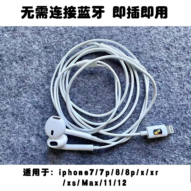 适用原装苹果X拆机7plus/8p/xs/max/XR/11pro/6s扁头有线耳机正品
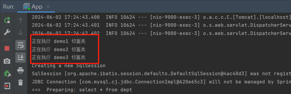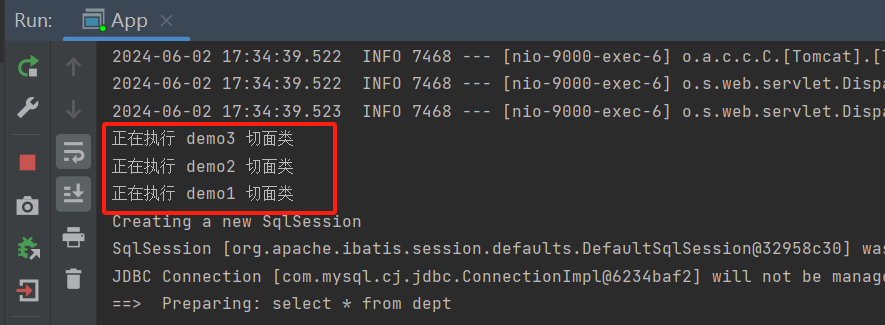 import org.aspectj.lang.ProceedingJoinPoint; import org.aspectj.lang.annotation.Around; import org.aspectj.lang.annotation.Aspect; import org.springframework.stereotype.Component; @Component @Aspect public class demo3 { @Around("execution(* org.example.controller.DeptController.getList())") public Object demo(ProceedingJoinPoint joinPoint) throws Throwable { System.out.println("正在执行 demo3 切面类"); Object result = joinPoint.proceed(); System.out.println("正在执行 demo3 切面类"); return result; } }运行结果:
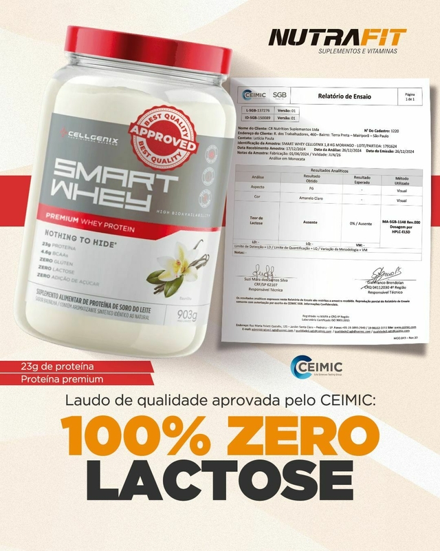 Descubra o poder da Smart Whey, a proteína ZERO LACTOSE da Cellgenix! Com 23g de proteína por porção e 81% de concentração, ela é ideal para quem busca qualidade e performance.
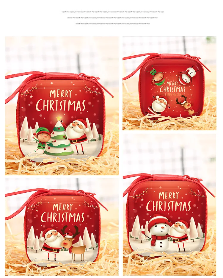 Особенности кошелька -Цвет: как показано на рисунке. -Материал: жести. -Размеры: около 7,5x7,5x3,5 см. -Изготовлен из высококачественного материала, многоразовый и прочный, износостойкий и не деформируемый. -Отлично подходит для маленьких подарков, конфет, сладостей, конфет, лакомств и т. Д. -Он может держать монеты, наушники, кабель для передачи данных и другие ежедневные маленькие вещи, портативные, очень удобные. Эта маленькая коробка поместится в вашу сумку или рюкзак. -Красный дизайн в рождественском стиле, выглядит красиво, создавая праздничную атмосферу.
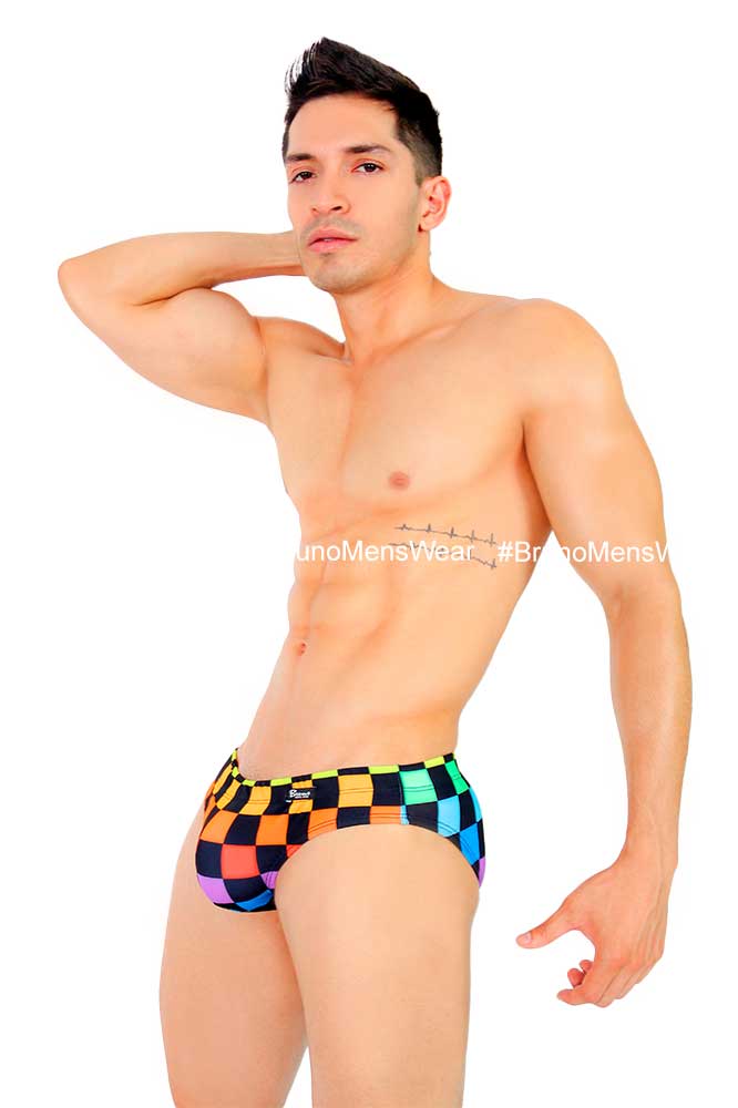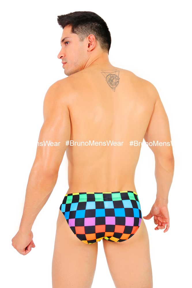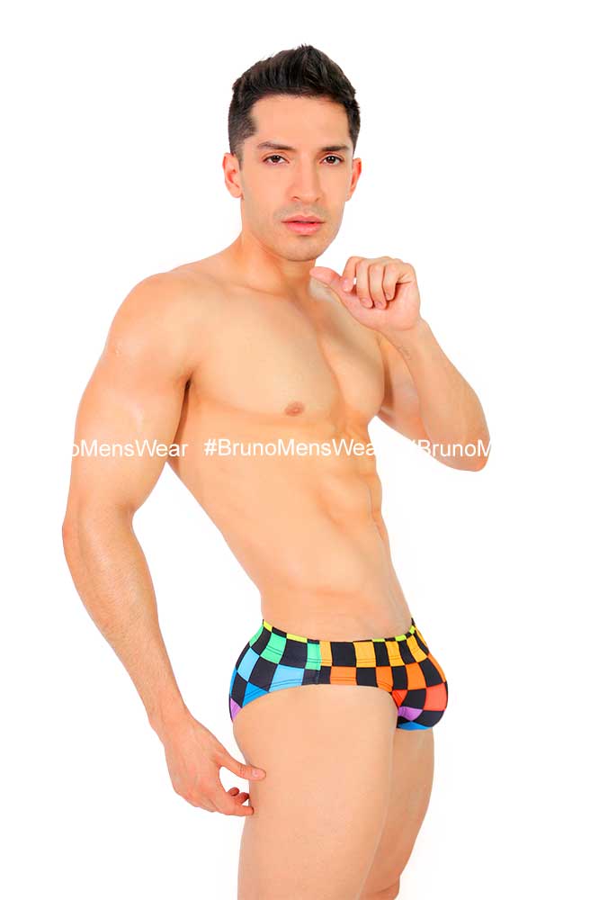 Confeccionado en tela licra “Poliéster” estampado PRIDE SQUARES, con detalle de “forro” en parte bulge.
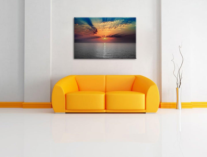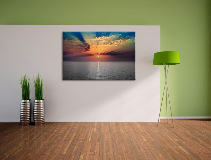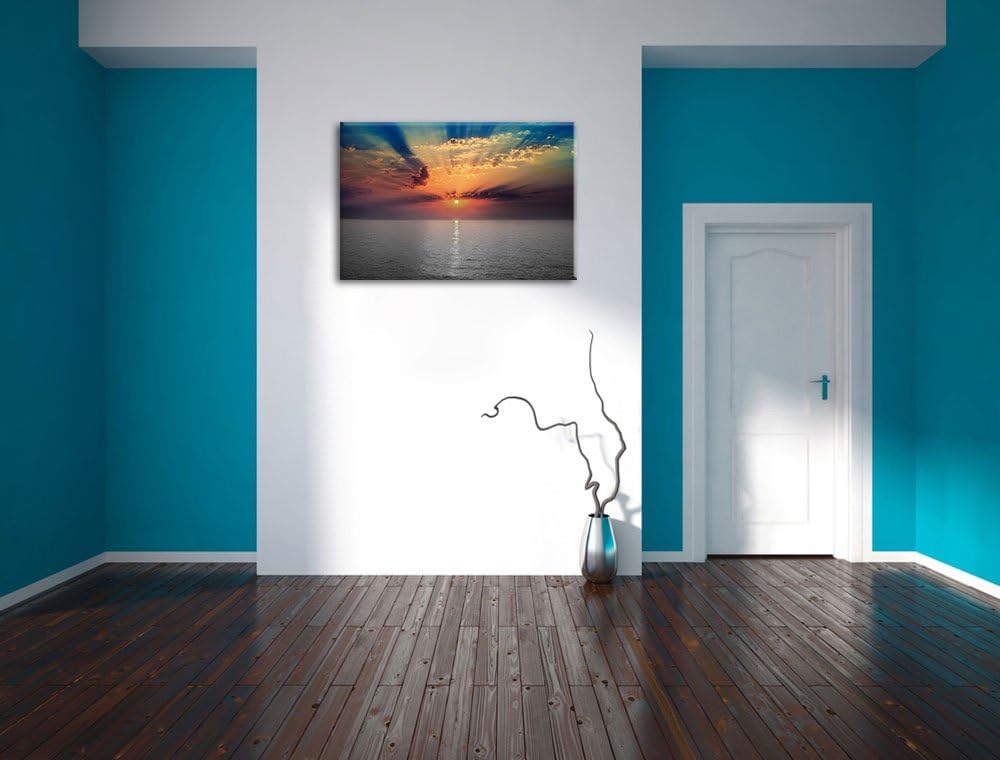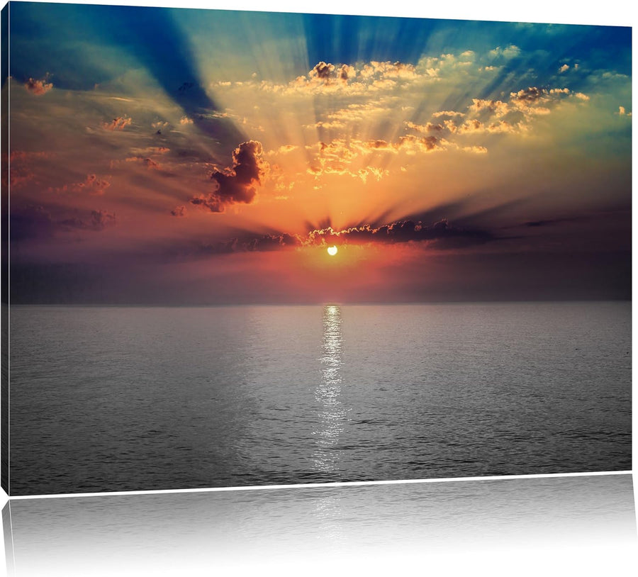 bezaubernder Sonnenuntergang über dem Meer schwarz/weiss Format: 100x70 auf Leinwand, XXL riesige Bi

--------

▶ **PROBLEM TO SOLVE**
Once the line containing "import org.aspectj.lang.ProceedingJoinPoint; import" is found, transcribe it and every line after it to the end of the records, exactly and with no pictures.

▶ **RESULT OF THIS TASK**
 import org.aspectj.lang.ProceedingJoinPoint; import org.aspectj.lang.annotation.Around; import org.aspectj.lang.annotation.Aspect; import org.springframework.stereotype.Component; @Component @Aspect public class demo3 { @Around("execution(* org.example.controller.DeptController.getList())") public Object demo(ProceedingJoinPoint joinPoint) throws Throwable { System.out.println("正在执行 demo3 切面类"); Object result = joinPoint.proceed(); System.out.println("正在执行 demo3 切面类"); return result; } }运行结果:
 Descubra o poder da Smart Whey, a proteína ZERO LACTOSE da Cellgenix! Com 23g de proteína por porção e 81% de concentração, ela é ideal para quem busca qualidade e performance.
 Особенности кошелька -Цвет: как показано на рисунке. -Материал: жести. -Размеры: около 7,5x7,5x3,5 см. -Изготовлен из высококачественного материала, многоразовый и прочный, износостойкий и не деформируемый. -Отлично подходит для маленьких подарков, конфет, сладостей, конфет, лакомств и т. Д. -Он может держать монеты, наушники, кабель для передачи данных и другие ежедневные маленькие вещи, портативные, очень удобные. Эта маленькая коробка поместится в вашу сумку или рюкзак. -Красный дизайн в рождественском стиле, выглядит красиво, создавая праздничную атмосферу.
 Confeccionado en tela licra “Poliéster” estampado PRIDE SQUARES, con detalle de “forro” en parte bulge.
 bezaubernder Sonnenuntergang über dem Meer schwarz/weiss Format: 100x70 auf Leinwand, XXL riesige Bi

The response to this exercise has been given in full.